The Aviary Teaches Students to Take Flight

As exercise methods go, Anne Ryan says that running on a treadmill just can't compare with swooping through the air on a trapeze.
 
"It really was the first exercise discipline where I felt rewarded while I was doing it, instead of afterward," she says. "When you're on a trapeze, it makes you feel like a superstar."
 
Ryan began training in aerial acrobatics in 2009 at the Detroit Flyhouse, a Detroit circus school. She and her friend Lia Lilley made regular trips from Ann Arbor to learn aerial arts including trapeze, aerial silk (acrobatics performed while hanging from a resilient piece of fabric), and corde lisse (performed while hanging from a rope). Although Ryan and Lilley loved the experience, the cost of lessons and gas money, plus the hassle of making regular drives to Detroit, began to add up. They started looking for a space to practice and hold classes closer to home - a challenge that wound up taking two and a half years.
 
"We were having a really hard time finding a building that met the specifications," Ryan says. "You have to have a really high ceiling and a support beam that you can put several thousand pounds of downward force on."
 
But they found what they were looking for last September in an office suite just south of Ann Arbor Municipal Airport. With office space in the front and ample, high-ceilinged warehouse space in the back, the location was perfect. Ryan, Lilley, and business partner Zoe Lindsay repainted and installed a shock-absorbing spring floor and acrobatics equipment on their own steam. The resulting space - the Ann Arbor Aviary - is now open to the public, after six months of renovation work.
 
"You know the old adage about good, fast, and cheap?" Ryan says. "We're trying to go for good and cheap. Fast, not so much."
 
First-time business owner Ryan says she and her partners have relied heavily on friends, family, and other connections for financial and legal advice in getting the Aviary up and running.
 
"We're just trying to be very careful and stay on top of all the small details," she says.
 
However, one of the bigger details – insurance – turned out to be relatively low-hassle.

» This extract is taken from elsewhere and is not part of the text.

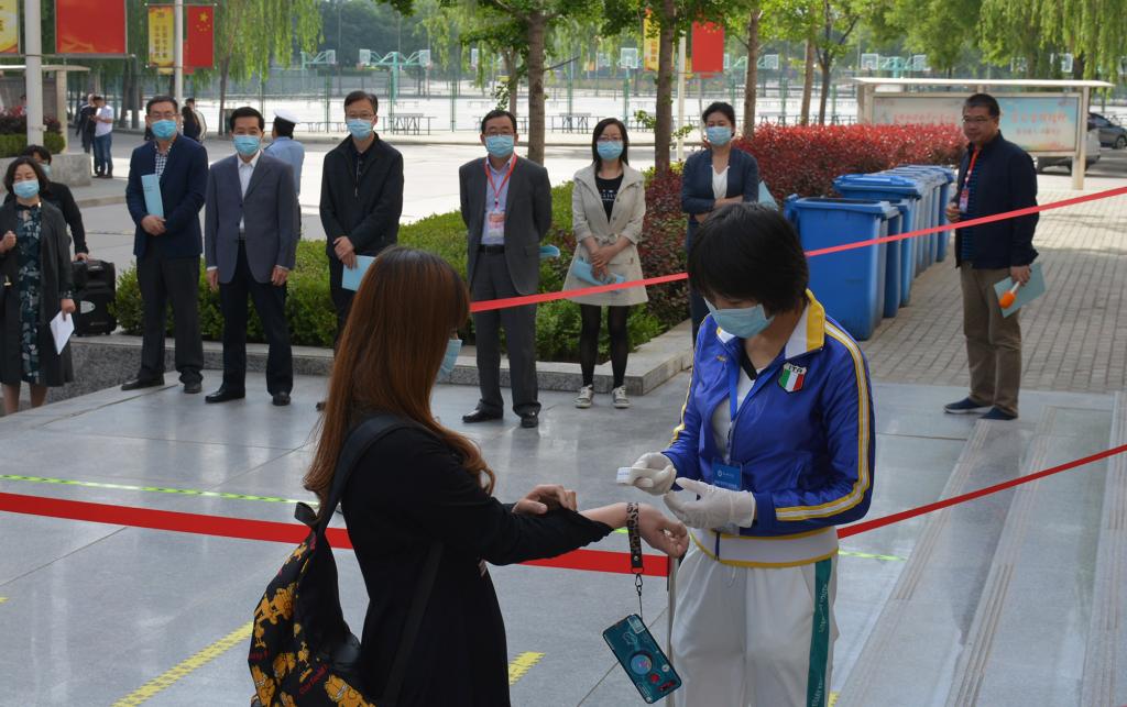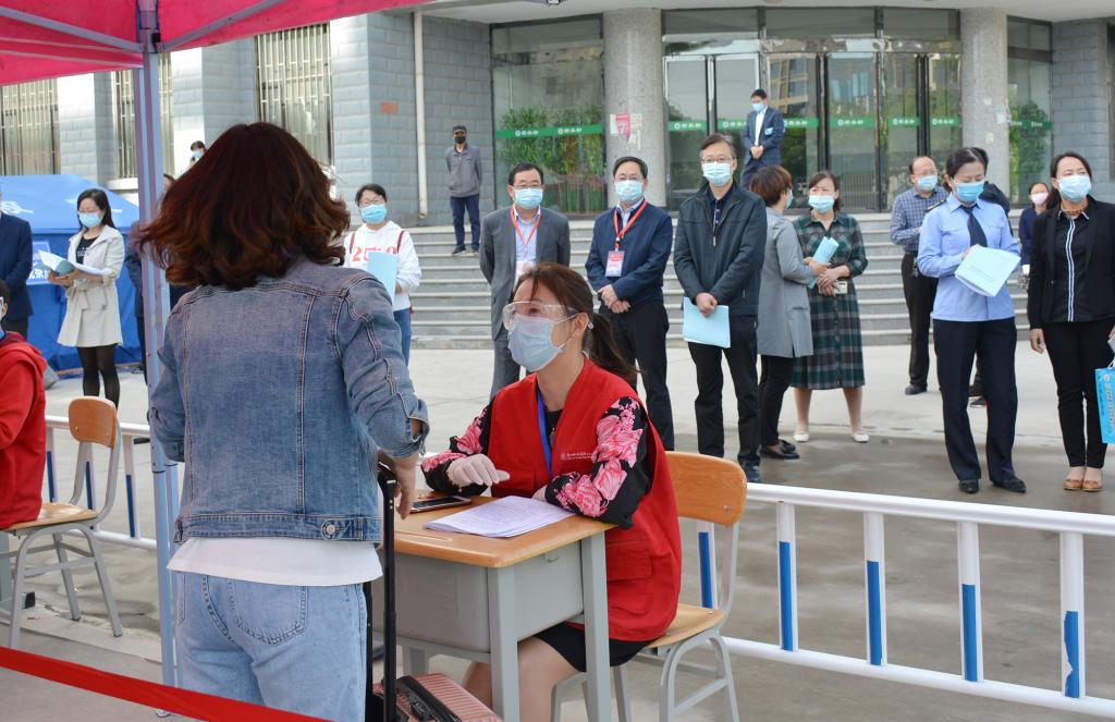 5月15日,beat365在线唯一官网2020年春季学生返校防控演练在校本部举行。校领导许尔忠、王学军、王基、姜秋霞、莫超、李慕堂、牟录贵、赵有翼、孙光慧、方忠义现场观摩指导。兰内高校疫情防控第二专家组成员、甘肃中医药大学第二附属医院宋光芬、张旭辉,以及安宁区卫生监督所、疾控中心、教育局等相关工作人员对演练进行了全程评估督查。校党委书记许尔忠宣布演练开始。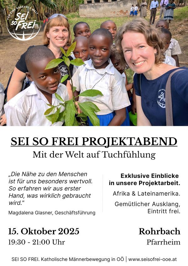 SEI SO FREI PROJEKTABEND Herzliche Einladung zu diesem Abend am 15. Oktober 2025 um 19:30 Uhr ins Pfarrzentrum Rohrbach

Contacts at the Flyhouse referred the Aviary partners to major circus insurer ISERA, and Ryan says the process of getting insured was a piece of cake.
 
"The paperwork lays everything out really clearly," she says. "It asks what you'll be teaching at your school, and it lists everything from fire to unicycling to juggling to flaming unicycle juggling."
 
Unfortunately, flaming unicycle juggling is out of the question because the Aviary isn't insured for fire acts, but Ryan and her partners are planning to offer a little bit of just about everything else. 
 
The newly-opened facility doesn't yet have a finalized class schedule, but Ryan expects the first schedule to go live on the Aviary's website on April 8, with classes beginning April 15. 
 
In addition to the aerial arts that are the Aviary's staple, classes will be offered in disciplines ranging from bellydancing and yoga to juggling, swing dancing, and hula hooping. Ryan and her partners have contracted an initial pool of about ten instructors to teach various sessions.
 
"We wanted to offer a lot of interesting conditioning classes that would help you train along with aerial," Ryan says. "You can do aerial every day, but not everyone can afford it. It's good to have a training program alongside of it to make progress."
 
She says that although we're used to seeing only trained professionals attempting some of the high-flying aerobics taught at the Aviary, those techniques are safe, rewarding, and doable no matter what your experience or fitness level.
 
"It sounds very intimidating," she says. "I was very intimidated when I first heard about it. But the first day you're there you're going to be able to do something, no matter what shape you're in."

Patrick Dunn is an Ann Arbor-based freelance writer and contributor to Metromode and Concentrate.